Problem :: Return all of the data exactly, with nothing left out but the pictures.

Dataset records

┄┄┄┄┄┄┄┄┄┄

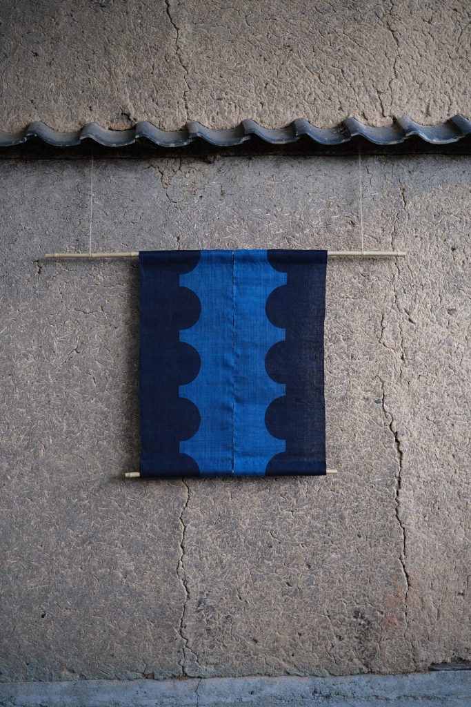 幾何文藍型染飾布 ” Geometric “
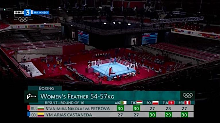 Due giudici vedono la bulgara vincere tutte le riprese, altri due vedono la sua avversaria vincere tutte le riprese. Sei punti di differenza in tre round!
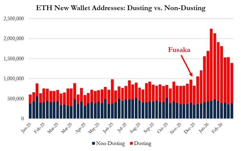 Our comprehensive analysis of on-chain data from January 2025 to February 2026 shows that what Lee calls "activity growth from institutional adoption" can actually be explained by a large number of low-value address poisoning and wallet dusting activities. These activities were triggered by the excess block space after the Fusaka upgrade.
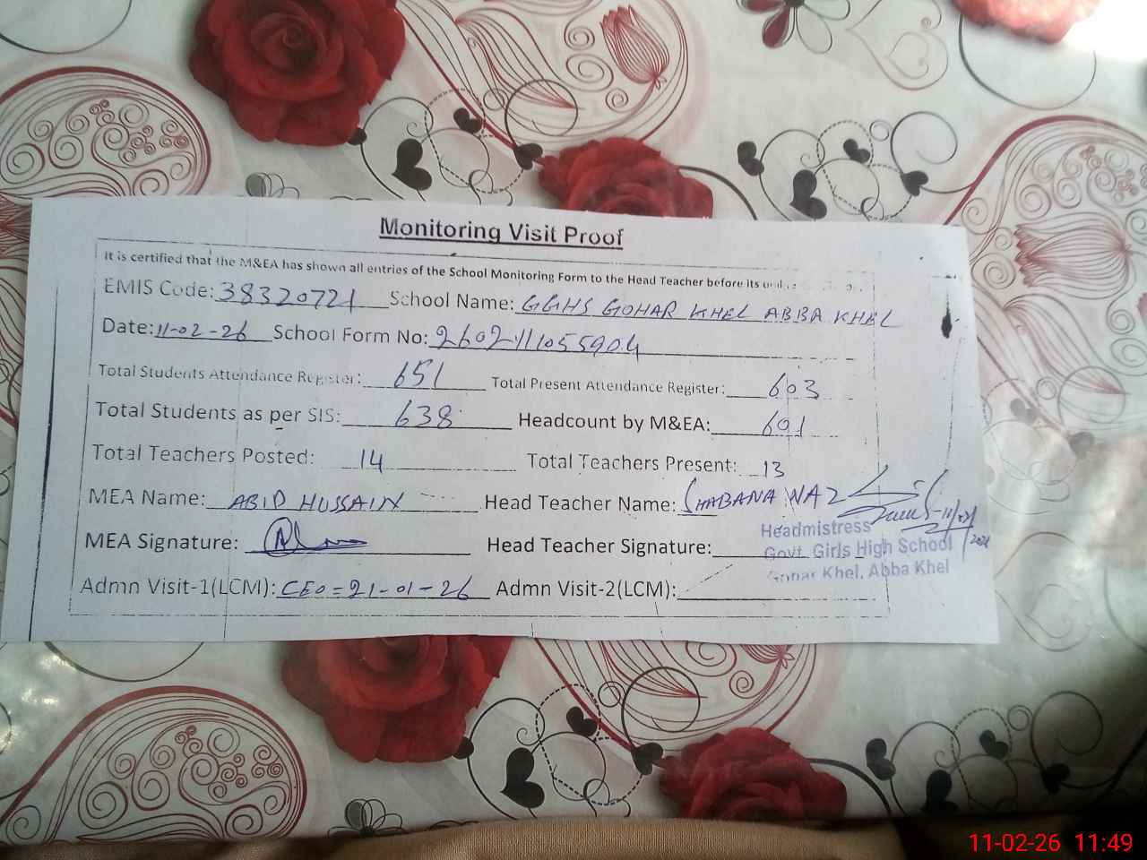 | EMIS Code: 38320721 | Name of School: GGHS GOHAR KHEL ABBA KHEL | |||
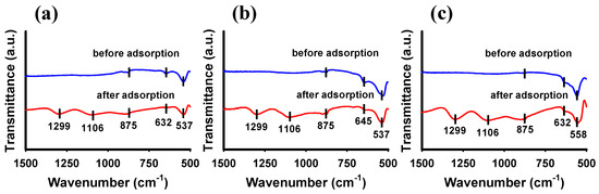 Previous studies proposed that the mechanisms of phosphate adsorption by iron oxides are mainly hydrogen bonding, electrostatic and ligand exchange interactions [26,48]. To further investigate the crystal facets-determined adsorption mechanism, the surface functional group compositions of the three hematite NPs and their changes before and after phosphate adsorption were characterized by FTIR spectroscopy. As shown in Figure 4, the characteristic peaks at about 537 cm−1, 558 cm−1, 632 cm−1 and 645 cm−1 in the FTIR spectra of hematite before and after the adsorption of phosphate corresponded to the stretching vibration of Fe-O functional group [49]. In addition, the peak at 875 cm−1 was attributed to Fe-OH vibration of the surface hydroxyl groups on hematite [48]. Meanwhile, the positions of the Fe-OH characteristic peaks in the three hematite NPs barely changed before and after the adsorption of phosphate, indicating that the hydrogen bonding between the hydroxyl groups on the surface of hematite and phosphate was negligible. In particular, the FTIR spectra (Figure 4) of hematite after adsorption of phosphate showed new characteristic peaks at 1106 and 1299 cm−1 compared to those before adsorption, which were usually attributed to the P-O stretching mode and P=O vibration mode of phosphate compounds (Figure S4), respectively [50,51,52]. These results further suggested that the phosphates were strongly interacting with the hematite NPs through electrostatic and ligand exchange interactions. The zeta potential usually represents the surface charge of the NP in solution, and the results in Figure 5a showed that the zeta potentials of the three NPs in aqueous suspensions were also not significantly different, suggesting that electrostatic interactions were not responsible for the differences in the adsorption of phosphate by the three NPs. Furthermore, the XPS survey spectra (Figure S5) of three hematite nanoparticles after adsorption of phosphate showed a P 2p peak at binding energy of 133 eV [53], while the Fe-OH (OHads) peak in the O 1s high-resolution spectra was weakened (Table S2). Therefore, the above results indicated that the main factor leading to the different adsorption of phosphate by the three NPs was the inner-sphere complexation formed by ligand exchange.
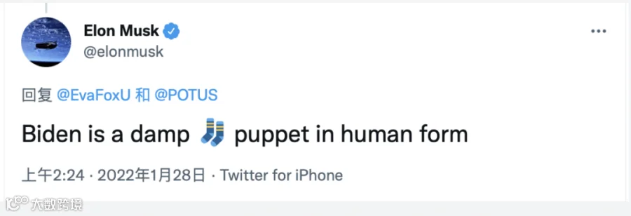这引起了马斯克的不满,他曾多次发推文嘲笑讽刺拜登,比如“拜登把美国公众当成傻瓜”、“拜登是一个人形湿袜木玩偶”(公众号:朱耿洲CCP)。

┄┄┄┄┄┄┄┄┄┄

Written answer ::
 幾何文藍型染飾布 ” Geometric “
 Due giudici vedono la bulgara vincere tutte le riprese, altri due vedono la sua avversaria vincere tutte le riprese. Sei punti di differenza in tre round!
 Our comprehensive analysis of on-chain data from January 2025 to February 2026 shows that what Lee calls "activity growth from institutional adoption" can actually be explained by a large number of low-value address poisoning and wallet dusting activities. These activities were triggered by the excess block space after the Fusaka upgrade.
 | EMIS Code: 38320721 | Name of School: GGHS GOHAR KHEL ABBA KHEL | |||
 Previous studies proposed that the mechanisms of phosphate adsorption by iron oxides are mainly hydrogen bonding, electrostatic and ligand exchange interactions [26,48]. To further investigate the crystal facets-determined adsorption mechanism, the surface functional group compositions of the three hematite NPs and their changes before and after phosphate adsorption were characterized by FTIR spectroscopy. As shown in Figure 4, the characteristic peaks at about 537 cm−1, 558 cm−1, 632 cm−1 and 645 cm−1 in the FTIR spectra of hematite before and after the adsorption of phosphate corresponded to the stretching vibration of Fe-O functional group [49]. In addition, the peak at 875 cm−1 was attributed to Fe-OH vibration of the surface hydroxyl groups on hematite [48]. Meanwhile, the positions of the Fe-OH characteristic peaks in the three hematite NPs barely changed before and after the adsorption of phosphate, indicating that the hydrogen bonding between the hydroxyl groups on the surface of hematite and phosphate was negligible. In particular, the FTIR spectra (Figure 4) of hematite after adsorption of phosphate showed new characteristic peaks at 1106 and 1299 cm−1 compared to those before adsorption, which were usually attributed to the P-O stretching mode and P=O vibration mode of phosphate compounds (Figure S4), respectively [50,51,52]. These results further suggested that the phosphates were strongly interacting with the hematite NPs through electrostatic and ligand exchange interactions. The zeta potential usually represents the surface charge of the NP in solution, and the results in Figure 5a showed that the zeta potentials of the three NPs in aqueous suspensions were also not significantly different, suggesting that electrostatic interactions were not responsible for the differences in the adsorption of phosphate by the three NPs. Furthermore, the XPS survey spectra (Figure S5) of three hematite nanoparticles after adsorption of phosphate showed a P 2p peak at binding energy of 133 eV [53], while the Fe-OH (OHads) peak in the O 1s high-resolution spectra was weakened (Table S2). Therefore, the above results indicated that the main factor leading to the different adsorption of phosphate by the three NPs was the inner-sphere complexation formed by ligand exchange.
这引起了马斯克的不满,他曾多次发推文嘲笑讽刺拜登,比如“拜登把美国公众当成傻瓜”、“拜登是一个人形湿袜木玩偶”(公众号:朱耿洲CCP)。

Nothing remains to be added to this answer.